■ **Work task**
Each entry below must be repeated word for word.

========================================

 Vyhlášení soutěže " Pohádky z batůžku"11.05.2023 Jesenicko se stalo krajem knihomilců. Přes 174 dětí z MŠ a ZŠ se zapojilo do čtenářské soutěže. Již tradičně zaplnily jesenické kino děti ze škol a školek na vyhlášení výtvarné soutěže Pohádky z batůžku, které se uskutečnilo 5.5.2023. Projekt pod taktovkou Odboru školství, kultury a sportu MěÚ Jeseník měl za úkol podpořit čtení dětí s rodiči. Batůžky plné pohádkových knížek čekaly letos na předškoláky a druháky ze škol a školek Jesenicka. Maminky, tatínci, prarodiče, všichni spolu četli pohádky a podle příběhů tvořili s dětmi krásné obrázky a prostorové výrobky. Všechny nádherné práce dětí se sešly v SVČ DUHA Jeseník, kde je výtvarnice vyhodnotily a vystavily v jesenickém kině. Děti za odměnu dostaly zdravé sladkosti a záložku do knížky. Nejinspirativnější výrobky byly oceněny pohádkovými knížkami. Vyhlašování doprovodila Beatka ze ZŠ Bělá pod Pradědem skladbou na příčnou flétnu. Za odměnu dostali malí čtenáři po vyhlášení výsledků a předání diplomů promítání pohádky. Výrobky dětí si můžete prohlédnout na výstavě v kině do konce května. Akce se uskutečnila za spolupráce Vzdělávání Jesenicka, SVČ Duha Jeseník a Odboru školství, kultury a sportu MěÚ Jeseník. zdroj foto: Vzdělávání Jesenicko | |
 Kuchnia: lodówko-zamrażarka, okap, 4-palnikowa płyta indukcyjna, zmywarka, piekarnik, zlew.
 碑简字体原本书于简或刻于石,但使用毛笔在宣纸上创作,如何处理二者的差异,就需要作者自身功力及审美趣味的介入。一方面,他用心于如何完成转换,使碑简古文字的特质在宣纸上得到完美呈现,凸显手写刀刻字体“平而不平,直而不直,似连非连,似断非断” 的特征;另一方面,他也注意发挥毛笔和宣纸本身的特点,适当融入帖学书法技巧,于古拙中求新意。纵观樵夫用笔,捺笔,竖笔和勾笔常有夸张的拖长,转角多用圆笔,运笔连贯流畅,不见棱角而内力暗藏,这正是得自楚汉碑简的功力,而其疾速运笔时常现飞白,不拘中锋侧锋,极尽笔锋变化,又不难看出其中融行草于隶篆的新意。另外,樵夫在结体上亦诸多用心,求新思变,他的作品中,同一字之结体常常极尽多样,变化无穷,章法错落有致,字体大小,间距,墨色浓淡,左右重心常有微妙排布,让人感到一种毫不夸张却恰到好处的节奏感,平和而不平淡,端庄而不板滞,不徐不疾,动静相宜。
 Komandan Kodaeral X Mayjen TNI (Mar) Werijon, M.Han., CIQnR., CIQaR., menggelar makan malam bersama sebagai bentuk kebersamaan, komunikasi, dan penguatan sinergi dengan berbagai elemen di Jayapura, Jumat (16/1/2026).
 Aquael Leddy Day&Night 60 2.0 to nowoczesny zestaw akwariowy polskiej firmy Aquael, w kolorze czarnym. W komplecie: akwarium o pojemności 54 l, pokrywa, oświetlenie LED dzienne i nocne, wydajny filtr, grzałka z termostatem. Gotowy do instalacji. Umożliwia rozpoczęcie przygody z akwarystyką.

========================================

■ **Task output**
 Vyhlášení soutěže " Pohádky z batůžku"11.05.2023 Jesenicko se stalo krajem knihomilců. Přes 174 dětí z MŠ a ZŠ se zapojilo do čtenářské soutěže. Již tradičně zaplnily jesenické kino děti ze škol a školek na vyhlášení výtvarné soutěže Pohádky z batůžku, které se uskutečnilo 5.5.2023. Projekt pod taktovkou Odboru školství, kultury a sportu MěÚ Jeseník měl za úkol podpořit čtení dětí s rodiči. Batůžky plné pohádkových knížek čekaly letos na předškoláky a druháky ze škol a školek Jesenicka. Maminky, tatínci, prarodiče, všichni spolu četli pohádky a podle příběhů tvořili s dětmi krásné obrázky a prostorové výrobky. Všechny nádherné práce dětí se sešly v SVČ DUHA Jeseník, kde je výtvarnice vyhodnotily a vystavily v jesenickém kině. Děti za odměnu dostaly zdravé sladkosti a záložku do knížky. Nejinspirativnější výrobky byly oceněny pohádkovými knížkami. Vyhlašování doprovodila Beatka ze ZŠ Bělá pod Pradědem skladbou na příčnou flétnu. Za odměnu dostali malí čtenáři po vyhlášení výsledků a předání diplomů promítání pohádky. Výrobky dětí si můžete prohlédnout na výstavě v kině do konce května. Akce se uskutečnila za spolupráce Vzdělávání Jesenicka, SVČ Duha Jeseník a Odboru školství, kultury a sportu MěÚ Jeseník. zdroj foto: Vzdělávání Jesenicko | |
 Kuchnia: lodówko-zamrażarka, okap, 4-palnikowa płyta indukcyjna, zmywarka, piekarnik, zlew.
 碑简字体原本书于简或刻于石,但使用毛笔在宣纸上创作,如何处理二者的差异,就需要作者自身功力及审美趣味的介入。一方面,他用心于如何完成转换,使碑简古文字的特质在宣纸上得到完美呈现,凸显手写刀刻字体“平而不平,直而不直,似连非连,似断非断” 的特征;另一方面,他也注意发挥毛笔和宣纸本身的特点,适当融入帖学书法技巧,于古拙中求新意。纵观樵夫用笔,捺笔,竖笔和勾笔常有夸张的拖长,转角多用圆笔,运笔连贯流畅,不见棱角而内力暗藏,这正是得自楚汉碑简的功力,而其疾速运笔时常现飞白,不拘中锋侧锋,极尽笔锋变化,又不难看出其中融行草于隶篆的新意。另外,樵夫在结体上亦诸多用心,求新思变,他的作品中,同一字之结体常常极尽多样,变化无穷,章法错落有致,字体大小,间距,墨色浓淡,左右重心常有微妙排布,让人感到一种毫不夸张却恰到好处的节奏感,平和而不平淡,端庄而不板滞,不徐不疾,动静相宜。
 Komandan Kodaeral X Mayjen TNI (Mar) Werijon, M.Han., CIQnR., CIQaR., menggelar makan malam bersama sebagai bentuk kebersamaan, komunikasi, dan penguatan sinergi dengan berbagai elemen di Jayapura, Jumat (16/1/2026).
 Aquael Leddy Day&Night 60 2.0 to nowoczesny zestaw akwariowy polskiej firmy Aquael, w kolorze czarnym. W komplecie: akwarium o pojemności 54 l, pokrywa, oświetlenie LED dzienne i nocne, wydajny filtr, grzałka z termostatem. Gotowy do instalacji. Umożliwia rozpoczęcie przygody z akwarystyką.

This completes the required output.